Par ailleurs, ses soutiens mettent en avant la thèse d’un « acharnement judiciaire » ou d’une « instrumentalisation », reprenant en partie la ligne de défense de Ramadan lui-même, qui évoque une « conspiration » visant à discréditer son image.
Tariq Ramadan, connu pour ses écrits et ses conférences controversées, continue de nier l’ensemble des accusations portées contre lui, et à l’instar de ses soutiens les qualifiant de « complot politique » visant à ternir sa réputation.
Ces positions restent toutefois contestées par d’autres observateurs, qui rappellent que la décision repose sur une procédure judiciaire encadrée et sur l’examen des éléments présentés devant la cour.

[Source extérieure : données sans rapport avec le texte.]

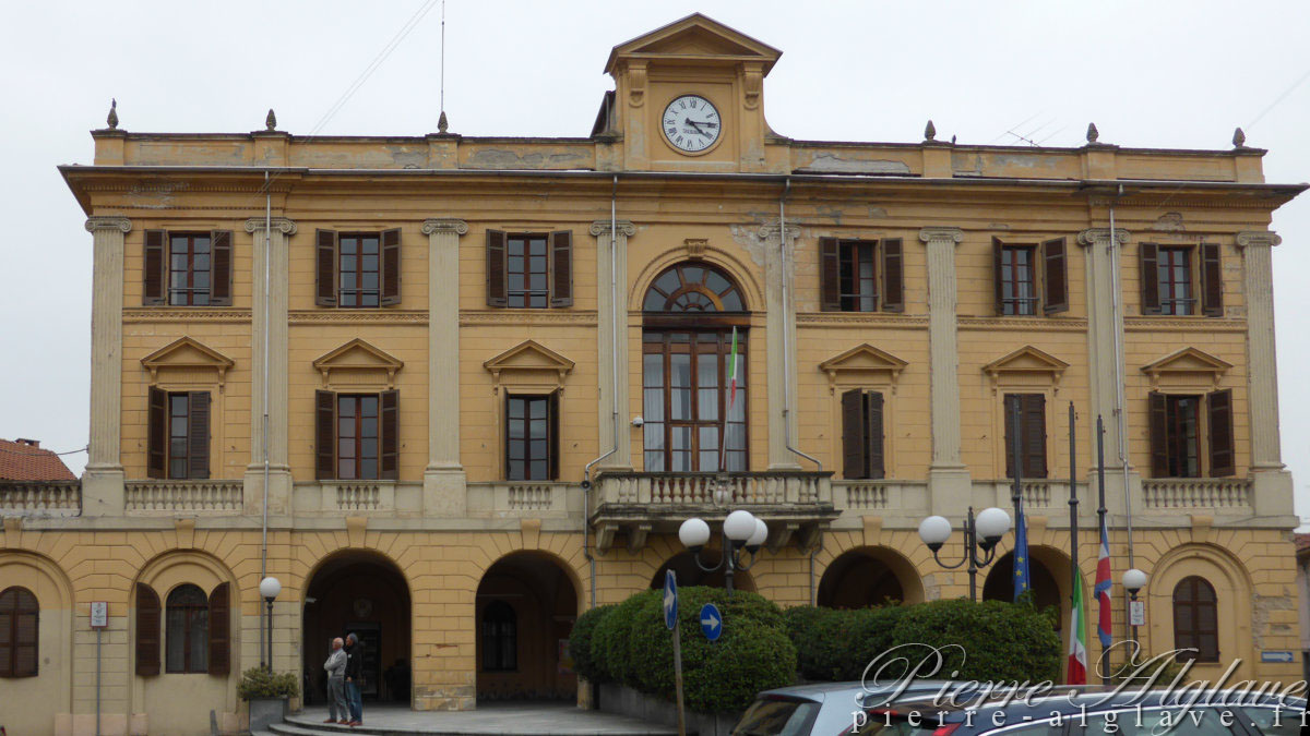 16 h 15, j’entre enfin dans Santhià. Comme convenu je suis allé chercher la clé du refuge des Amis de la Via Francigena au café sur la piazza Roma. Le patron, très sympathique, m’a accompagné jusqu’au refuge à deux pas pour me faire visiter les lieux et me donner les consignes. C’est « offerta », minimum 10 euros et il y a des bons pour un repas pèlerin à 10 euros. On tamponne soi-même sa crédentiale. Il n’y a pas de wifi, mais on peut aller à la bibliothèque où le patron propose de m’emmener. Il faudra rendre les clés demain au café qui ouvre à 7 heures sinon, avant, on peut les déposer dans la boîte aux lettres.

Ce verdict a été accueilli avec soulagement par les victimes, dont leur avocat qui y voit une « victoire pour la justice et une reconnaissance des souffrances endurées ».
Il convient de rappeler que la justice suisse l’avait déjà condamné en 2024 à trois ans de prison, dont une année ferme, pour des faits liés au viol et à la contrainte sexuelle, après une première décision d’acquittement.
Dans le même contexte, la justice pénale française a confirmé l’interdiction définitive de Tariq Ramadan d’entrer sur le territoire français après l’exécution de sa peine, tout en maintenant le mandat d’arrêt émis à son encontre le 6 mars.